Limitations, technical issues, and progress
One of the ongoing challenges associated with DNA-based identification
of species mixtures is quantifying the relative abundance of species in
the mixture. The issue of quantification is likely to be relevant for
many applications in assessing global ecological change. Many ecosystem
changes initially present as changes in species abundances rather than
changes in species composition. Solutions to the technical problem of
quantification could differ for pollen relative to other sample types,
although the issues are similar in many ways. DNA metabarcoding is
considered semi-quantitative. Species in high proportions are usually
represented by many sequencing reads, although the relationship often
deviates from the expected 1:1 ratio (Bell et al., 2019; Marcel Polling
et al., 2022). There are several reasons for this deviation. Different
pollen types can have different DNA extraction efficiencies, which can
be improved with method optimisation. Variation occurs among species in
the copy numbers of the DNA barcodes, and this has been well-studied for
microbes, with the possibility to correct for these biases (Kembel, Wu,
Eisen, & Green, 2012; Lamb et al., 2019; Pawluczyk et al., 2015) and a
recent study on mitogenomics of insects has applied corrections for copy
number (L. Garrido-Sanz et al., 2021). An additional source of bias
comes from differences among species in primer binding efficiency
(Pompanon et al., 2012) and biases in DNA polymerase binding
efficiencies towards different nucleotide compositions (Nichols et al.,
2018). These biases can be reduced with careful primer design and PCR
optimisation and can be corrected with a good understanding of the
biases.
Amplification-free methods eliminate the PCR biases and have been shown
in a handful of studies to be more quantitative than DNA metabarcoding.
Whole-genome shotgun (WGS) sequencing has been shown to have improved
quantification for pollen (Bell, Petit, et al., 2021) and other mixtures
of eukaryote species (Lidia Garrido-Sanz, Senar, & Piñol, 2020).

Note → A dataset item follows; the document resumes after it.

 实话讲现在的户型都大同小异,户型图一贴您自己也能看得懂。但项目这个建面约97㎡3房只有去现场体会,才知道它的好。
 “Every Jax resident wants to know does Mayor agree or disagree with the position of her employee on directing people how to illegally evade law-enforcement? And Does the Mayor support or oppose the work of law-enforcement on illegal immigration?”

Genome-skimming of organellar DNA from WGS has been shown to be
quantitative for pollen (Lang et al., 2019) and other eukaryote mixtures
(Bista et al., 2018), and quantification can be improved by correcting
for organelle copy number (L. Garrido-Sanz et al., 2021).

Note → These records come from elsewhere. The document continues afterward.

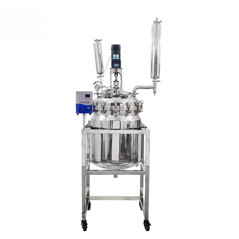 The Double layer stainless steel reactor is designed with double-layer stainless steel. The reaction solvent is placed in the inner layer for stirring reaction, and the interlayer can be connected to different cold and heat sources (refrigeration liquid, hot water or hot oil) for cyclic heating or cooling reaction. Under set constant temperature conditions, in a closed stainless steel reactor, the stirring reaction can be carried out under normal pressure or negative pressure according to the use requirements, and the reaction solution can be refluxed and distilled. It is an ideal choice for modern fine chemical plants, biopharmaceuticals and Ideal pilot and production equipment for the synthesis of new materials.
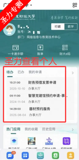 广财通APP作为数字广财核心应用,整合校园通知、请假、报销、科研申报等流程,提供实名通讯录、群事务管理、AI智能问答等服务。师生通过一个入口即可完成学习、生活、行政事务,告别多系统切换,提升校园办事效率。
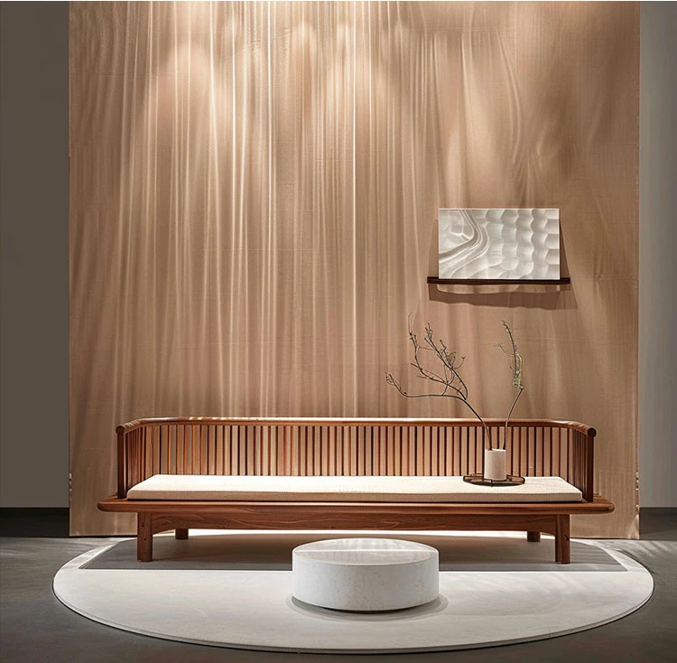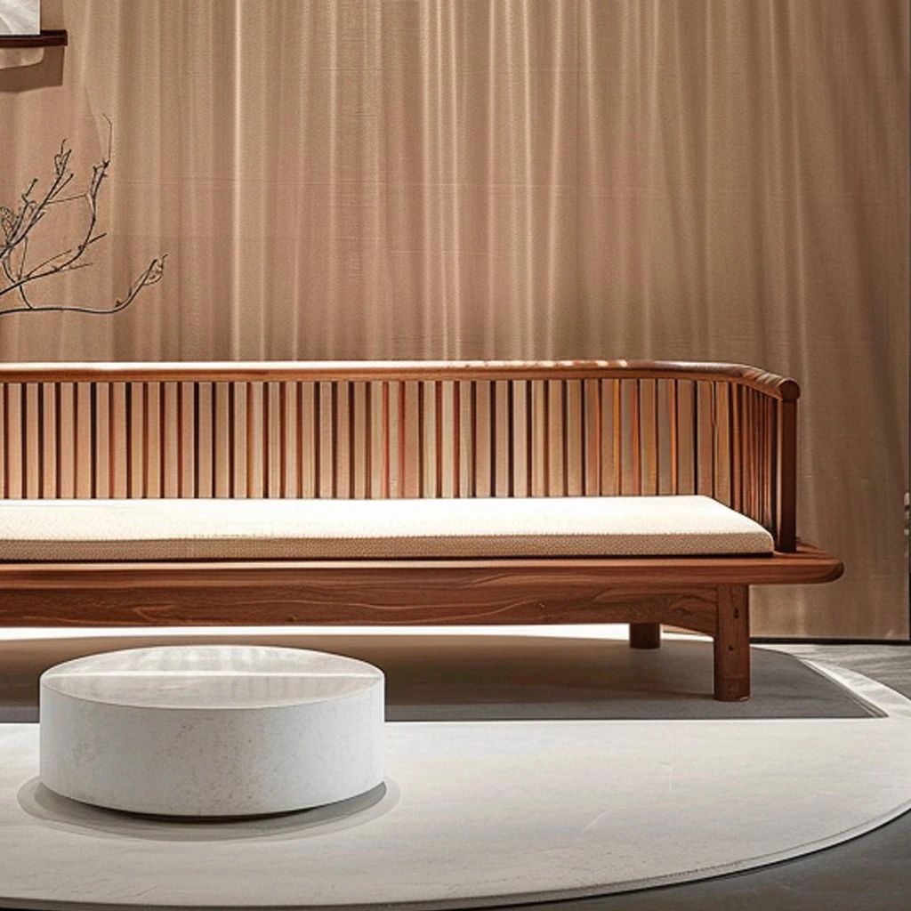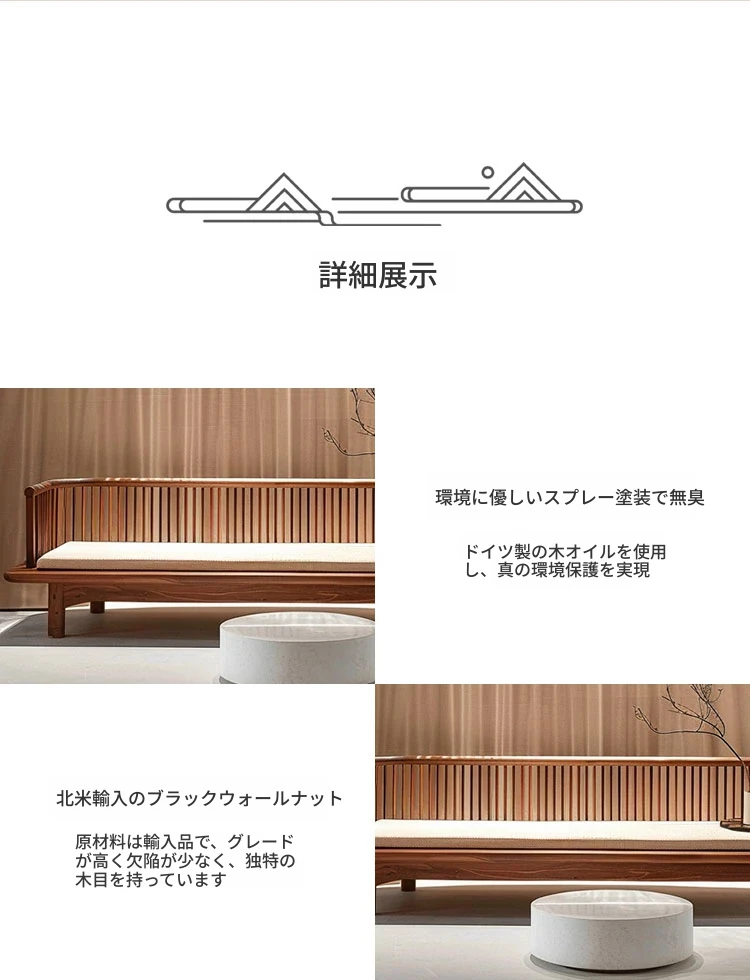 北米産ブラックウォールナット使用の新中式禅スタイル高級カウチ、モダンミニマリズムにぴったりな軽やかさを兼ね備えた贅沢なデザイン!リビングや寝室に最適な上質な貴妃椅子。

Reduced-representation sequencing using endonucleases
(genotyping-by-sequencing) of plant roots has shown within- and
across-species abundances strongly correlate with biomass-based species
abundance (Wagemaker et al., 2021). Reverse Metagenomics, the sequencing
of samples using MinION long reads while reference sequences come from
short read skims, has also been found to be semi-quantitative (Peel et
al., 2019). While most DNA-based detection and identification methods
are semi-quantitative, there is considerable value in the relative read
abundances, which are lost by treating data as presence-absence (Deagle
et al., 2019). Improved quantification is expected to become possible in
the future with an improved understanding of biases.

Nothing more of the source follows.